Maris Gillette, Professor, School of Global Studies, University of Gothenburg
Conceptualizing Industrial Heritage: The View from China
When China's former state and collective enterprises failed to privatize successfully in the early 2000s, millions of former workers lost their jobs, industrial sites and machinery turned into obsolescent eyesores, and a state-driven, centralized modernization project became unwanted history. After artists and designers in Shanghai and Beijing took over a few former factories for creative purposes, government officials in some cities realized that deindustrialized sites could be a resource for redevelopment, and the central government began creating policies to promote industrial heritage. Previous ethnographers of industrial heritage have used concepts such as performance, scar, and ruination to theorize heritage-making in deindustrialized places. Here I draw on examples from China, particularly Jingdezhen, to suggest that industrial heritage processes be understood as metaphoric and metonymic processes of gentrification.

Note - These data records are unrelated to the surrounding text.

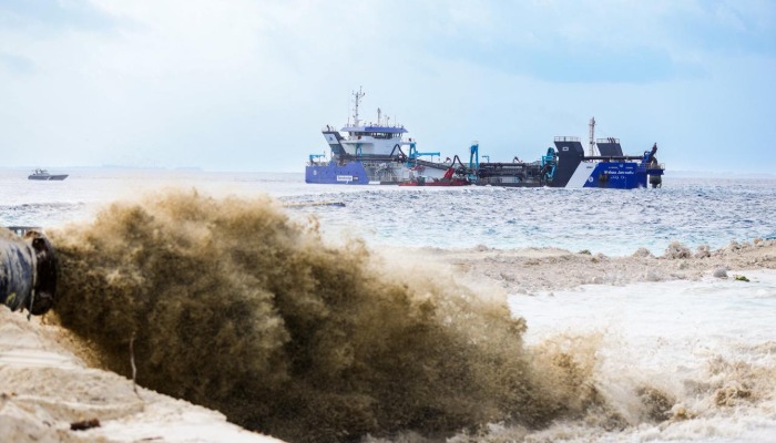 ނައިފަރު ބިން ހިއްކުމުގެ އަމަލީ މަސައްކަތް ރަސްމީކޮށް ފަށާފައިވަނީ ، ރައީސް މުއިއްޒު ޅ.އަތޮޅު މީހުން ދިރިއުޅޭ ރަށްރަށަށް ކުރައްވާ ދަތުރުފުޅުގެ ތެރެއިން އެ ރަށަށް ކުރެއްވި ޒިޔާރަތުގައި ބޭއްވި ރަސްމިއްޔާތެއްގައެވެ.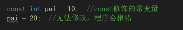 注意:上面例子上的pai被称为const修饰的常变量,const修饰的常变量在C语言中只是在语法层面限制了变量pai不能直接被改变,但是pai本质上还是一个变量,所以才叫做常变量。
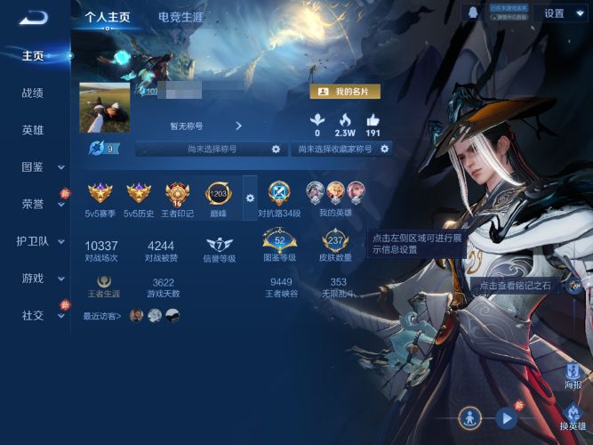 贵族等级: V8 英雄数: 127 皮肤数: 312 荣耀水晶: 星域神启 星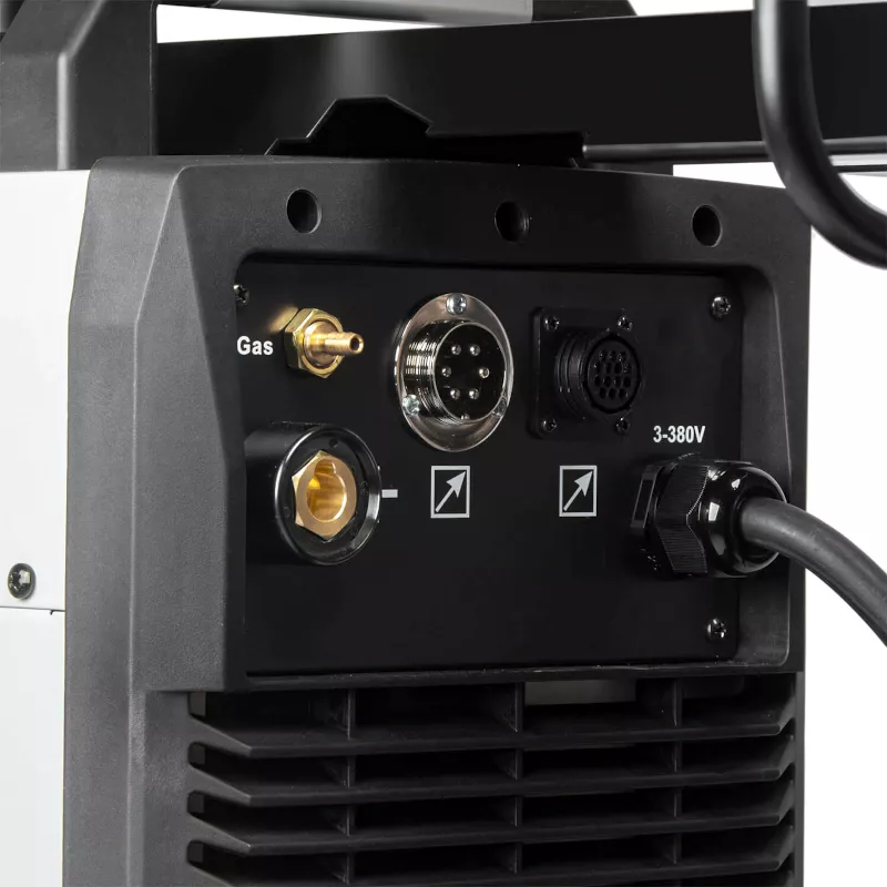 Аппарат оснащен металлическим 4-х роликовым механизмом подачи проволоки. В механизме установлены ролики с габаритами 30х10х12 для стальной проволоки диаметром 0,8-1,0 мм. Есть кнопка протяжки проволоки и кнопка проверки газа перед стартом работ.

Maris Boyd Gillette is a social anthropologist and filmmaker whose research explores how capitalist processes affect group identities, material culture, and economic practices. She has studied porcelain workers and entrepreneurs in Jingdezhen, southeast China (China’s Porcelain Capital: The Rise, Fall, and Reinvention of Ceramics in Jingdezhen, Bloomsbury 2016), Chinese Muslims in Xi’an, northwest China (Between Mecca and Beijing: Modernization and Consumption Among Urban Chinese Muslims, Stanford 2000), and urban neighborhoods in the midwestern and eastern United States. Gillette works regularly with museums on exhibitions, public history, and educational initiatives, including the Campbell House Museum, the Philadelphia Museum of Art, the St Louis Art Museum, and the Missouri History Museum. She has participated in several community engagement initiatives, including the community history and digital media project Muslim Voices of Philadelphia, for which she received a Courage in Media Award from the Council on American Islamic Relations in 2012. She is Professor of Social Anthropology, School of Global Studies, the University of Gothenburg.